Not all message sources carry the same risk. CFD lets you configure per-source risk_multiplier values to tune sensitivity:
{
  "trusted_sources": [
    { "source_id": "internal-scheduler", "risk_multiplier": 0.0 },
    { "source_id": "public-webhook", "risk_multiplier": 1.5 },
    { "source_id": "unverified-user-input", "risk_multiplier": 2.0 }
  ]
}
A risk_multiplier of 0.0 means fully trusted — CFD analysis still runs but scores are suppressed and will not trigger a quarantine or block.

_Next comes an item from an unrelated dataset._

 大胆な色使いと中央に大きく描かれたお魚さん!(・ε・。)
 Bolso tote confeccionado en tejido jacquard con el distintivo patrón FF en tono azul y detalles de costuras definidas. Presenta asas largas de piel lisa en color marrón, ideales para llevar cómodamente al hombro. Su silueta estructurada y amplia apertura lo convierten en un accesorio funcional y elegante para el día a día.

A value of 2.0 doubles the computed risk score before applying verdict thresholds, making the source effectively twice as suspicious.

Bidirectional Screening

CFD screens in both directions:
  • Inbound: Evaluates user and tool messages before they reach the agent (the primary use case).
  • Outbound DLP: Scans agent responses for data leaks — PII patterns, secret formats, or content that should not leave the agent’s context — before the response is returned to the caller.
Outbound DLP is configured separately and applies regardless of inbound mode.

Integration with AIP

When CFD is active, its threat context enriches the AIP conscience analysis. If a message passes CFD but scored close to a threshold, that score is included in the conscience prompt so AIP can apply extra scrutiny to the resulting reasoning. The signal flows in both directions: a high AIP boundary-violation rate for a session elevates CFD’s L3 session risk score.